* _WHAT IS EXPECTED_: Between the line containing "Одна из мемориальных" and the line containing "Altar der Pfarrkirche" lies a run of lines; give that run again exactly, with both of those lines, and nothing else from the entries below.

* _STUDY MATERIAL_:
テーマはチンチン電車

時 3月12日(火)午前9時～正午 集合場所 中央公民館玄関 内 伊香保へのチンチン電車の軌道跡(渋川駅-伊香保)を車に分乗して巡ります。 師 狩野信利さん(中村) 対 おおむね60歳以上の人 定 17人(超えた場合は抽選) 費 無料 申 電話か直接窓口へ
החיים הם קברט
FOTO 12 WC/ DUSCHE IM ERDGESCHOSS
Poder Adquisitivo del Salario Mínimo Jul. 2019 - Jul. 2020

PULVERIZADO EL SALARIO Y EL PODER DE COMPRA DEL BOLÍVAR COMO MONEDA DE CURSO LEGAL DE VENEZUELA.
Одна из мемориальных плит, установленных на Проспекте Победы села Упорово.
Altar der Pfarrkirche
* * *
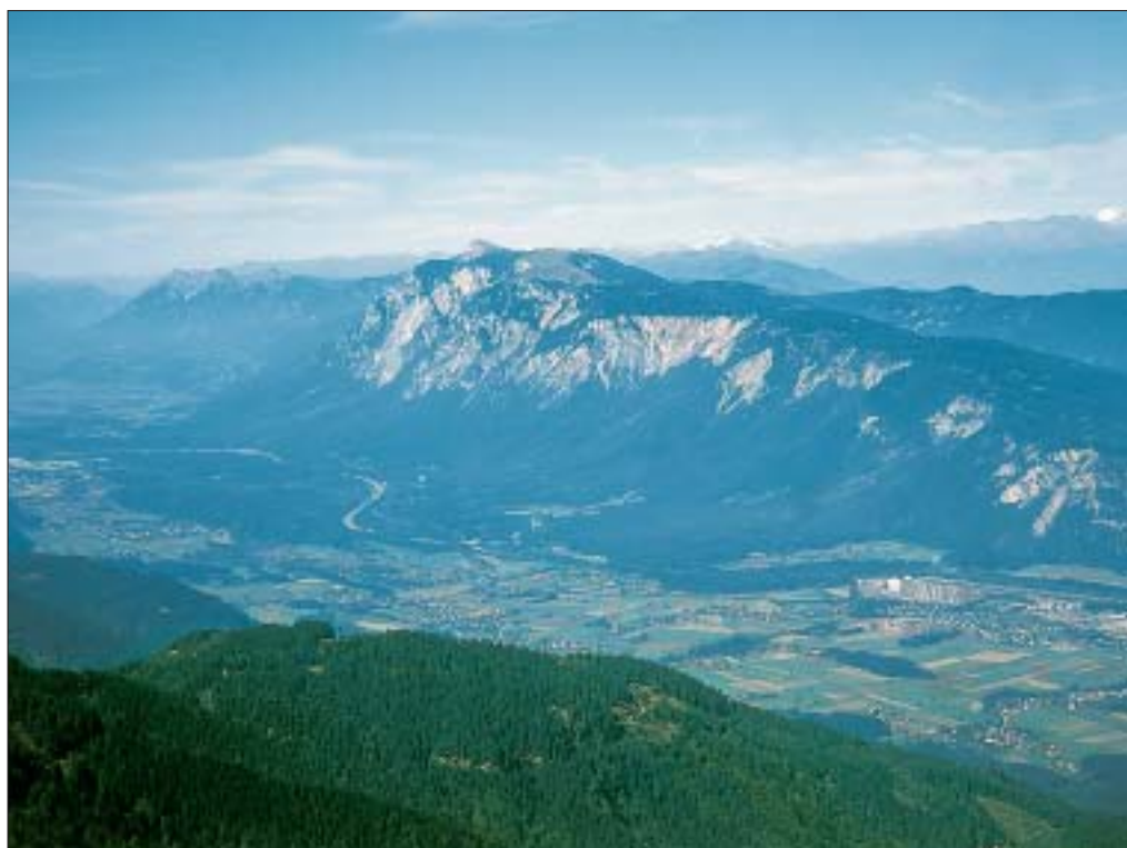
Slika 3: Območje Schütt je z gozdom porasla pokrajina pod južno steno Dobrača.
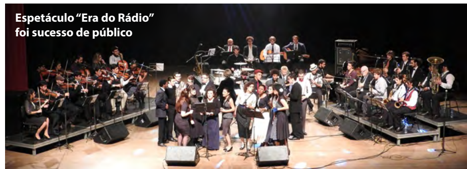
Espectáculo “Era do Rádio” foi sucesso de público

* _ANSWER SPACE_:
Одна из мемориальных плит, установленных на Проспекте Победы села Упорово.
Altar der Pfarrkirche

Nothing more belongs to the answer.